The humiliation of the Emperor at Canossa was the most brilliant victory that the papacy ever won over the temporal power; but it was merely an incident in a long struggle, Henry’s German enemies were displeased that the Pope had removed the excommunication, and persisted in electing a new king. Civil war followed; and as Henry continued to grant lay investiture, the Pope renewed his excommunication.

A strong party now rallied to Henry’s support, and he caused an assembly of German and Italian bishops to declare Gregory deposed and set up an anti-pope. In 1081 Henry mastered his German enemies sufficiently to come to Italy with an army. After three years’ campaigning all of Rome, except the strong fortress of St. Angelo, was in his hands.
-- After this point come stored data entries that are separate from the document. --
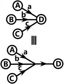 Supondo um nó A com um número n de entradas, tal que (nó dependente). Em prol da coerência do grafo, estará incorreto alterar n para um valor (é válido transformar um nó dependente em um isolado e vice-versa), seja adicionando ou subtraindo a quantidade de entradas ao converter algumas das existentes em saídas ou ao incidir novos fluxos no nó.
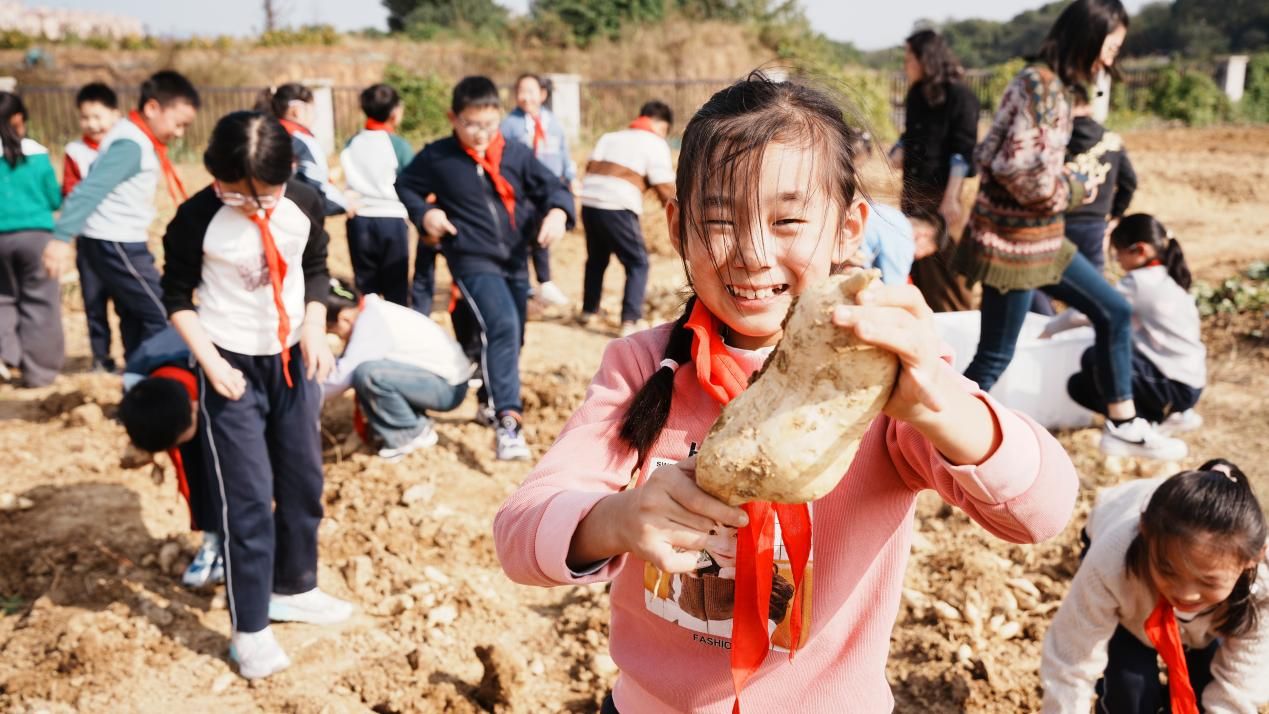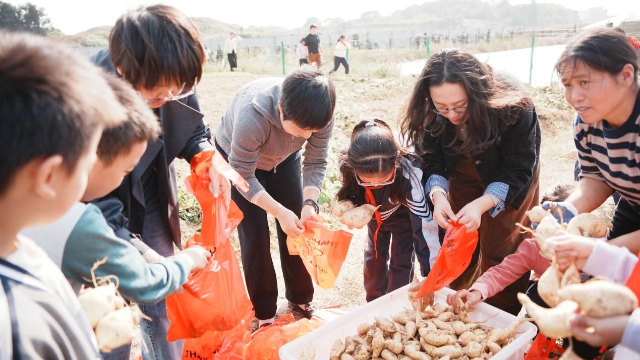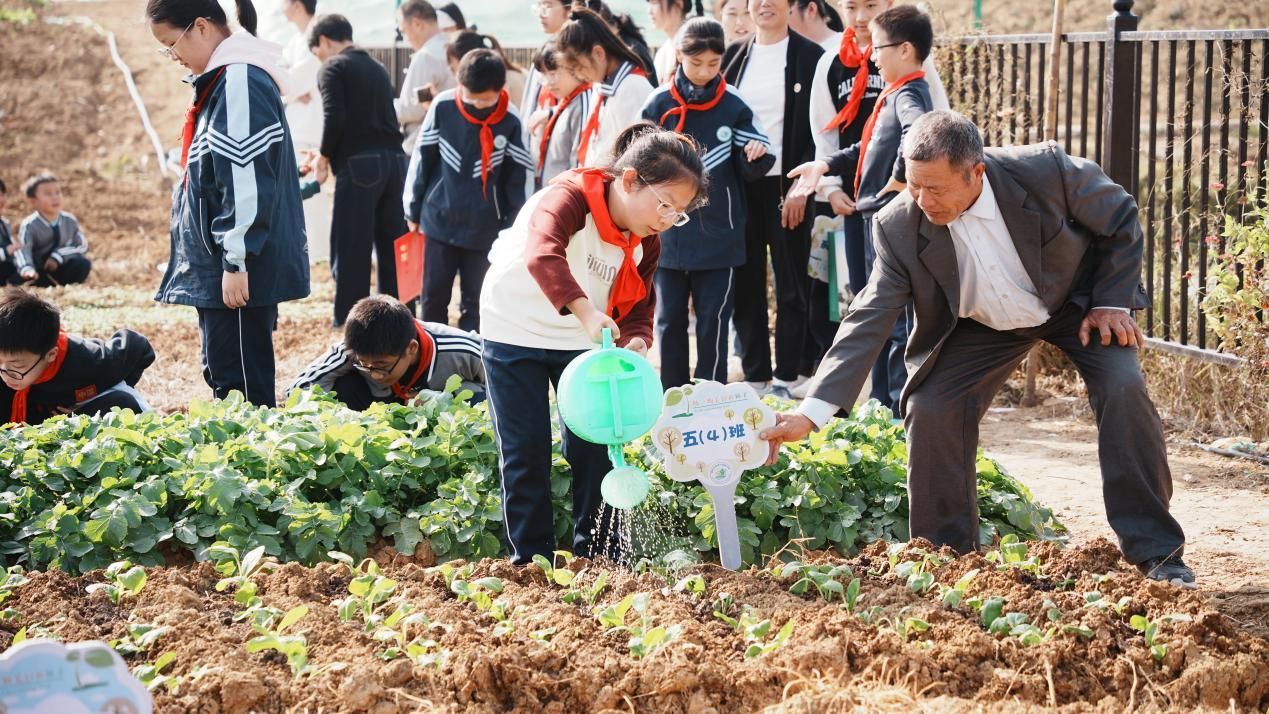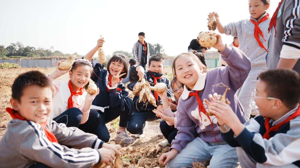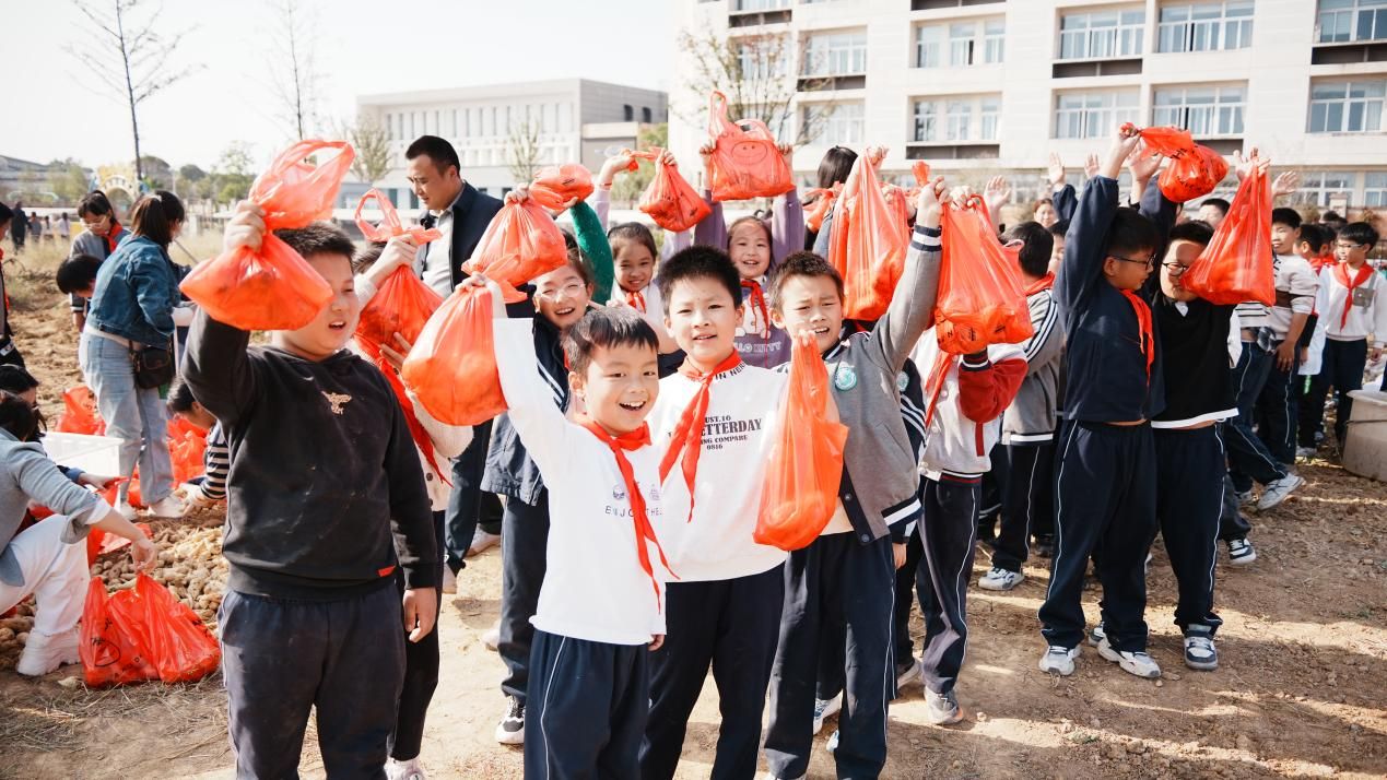 继9月份的花生采摘活动之后。“小芦娃能量场” 的红薯迎来了丰收,孩子们蹲在地里,有的握着小铲子刨土,有的伸手小心拔红薯,脸上的笑容里满是丰收的喜悦;一旁的油菜试验田里,大家分工合作,有的栽苗,有的填土,有的浇水,田间地头满是欢声笑语,热闹极了。劳作的身影穿梭其间,让劳动教育真正在实践中扎根结果。
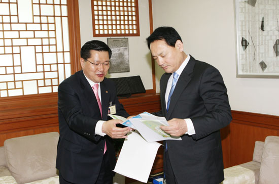 YESS-5월의 눈꽃축제 홍보차 문화체육관광부를 방문한 진동규 유성구청장이 유인촌장관을 예방하고 금년부터 새롭게 선보이는 유성대표축제 준비상황을 설명하고 있다
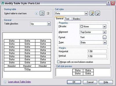 유용성과 유연성을 높이도록 Table Style 대화상자가 업데이트되었습니다. 이 대화상자에는 새로운 테이블 스타일을 정의하기 위한 시작점으로서 기존 테이블을 선택하는 새로운 옵션이 포함됩니다. 추가 형식 및 표시 옵션을 사용하면 테이블 셀 외곽선과 여백을 훨씬 유연하게 조정할 수 있습니다. 그리고 다양한 서식 지정 옵션의 조합으로 명명된 셀 스타일을 손쉽게 저장하고 미리 보고 적용할 수 있습니다.
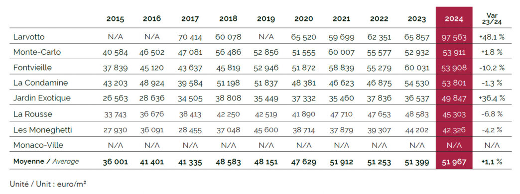 En 2024, le prix moyen au mètre carré atteint 97 563 €/m² au Larvotto, un record historique pour un quartier, avec une hausse de 48,1 %. Ce chiffre est à nuancer car il repose sur un volume limité de seulement six transactions ; cependant, il illustre l’exclusivité croissante du secteur. Historiquement composé en grande partie de résidences locatives, le Larvotto devrait voir son volume de transactions progresser avec l’intégration de Mareterra, tout en maintenant des prix parmi les plus élevés de la Principauté, si ce n’est les plus élevés.
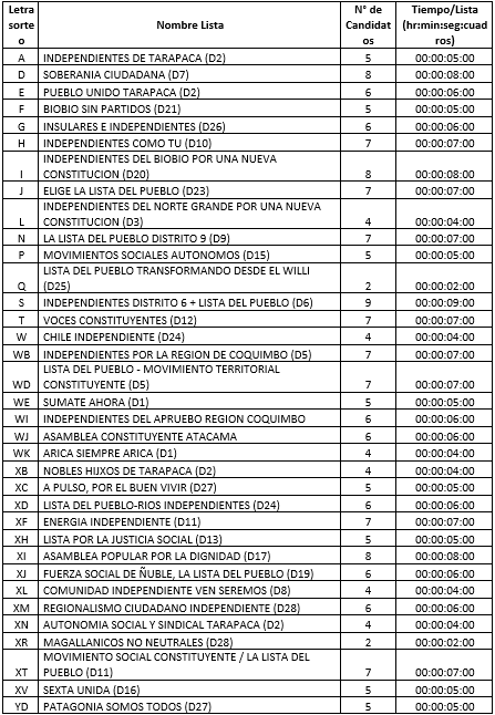Tiempo Listas y Partidos Políticos. Total: 26 minutos y 6 segundos
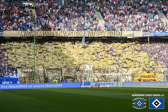 Choreografie auf der Nordtribüne Hamburg mit Kritik an Investoren, wie Klaus-Michael Kühne und Dietrich Mateschitz.
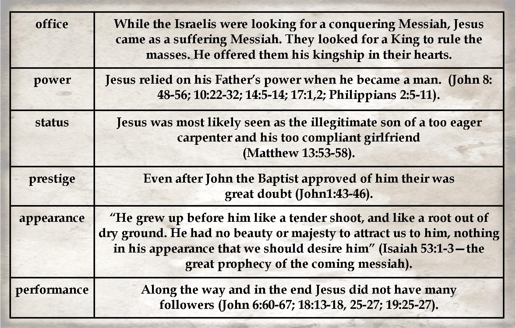 In Philippians 2:5-8, this great truth was recorded by the Apostle Paul:  “Your attitude should be the same as that of Christ Jesus: Who, being in very nature God, did not consider equality with God something to be grasped, but made himself nothing, taking the very nature of a servant, being made in human likeness. And being found in appearance as a man, he humbled himself and became obedient to death—even death on a cross.” Now notice Paul did not say Jesus gave up his deity. Instead, he wrote about what Jesus took upon himself: humanity, servant-hood, humility, and obedience to sacrifice. While he did not relinquish his deity, he did give up his turf. It was not important that he be able to hold tight to his heavenly glory. As a result, just as we saw in the Gospel of Mark, he came to lead us into salvation through service.

The dauntless Gregory meanwhile had sent for aid to the Normans of southern Italy. Upon their approach, Henry hastily quitted Rome, which was taken and sacked by Gregory and the Normans. When they retired, the Pope, who dared not remain behind, accompanied them. In May 1085, Gregory VII died at Salerno in southern Italy. In his last hours he said, “I have loved justice, and hated iniquity; therefore I die in exile.” He had done much to clear the Church of the scandals which clung to it, and he had raised the papal power to a higher pitch than ever before. But he had embroiled the papacy not only with the empire, but also with most of the kings of Europe. Had his ideas triumphed, Europe would have been left practically under the sovereignty of the papacy, distant and disassociated from royal families or national feeling—a single monarchical rule supported by all the terrors of religious authority.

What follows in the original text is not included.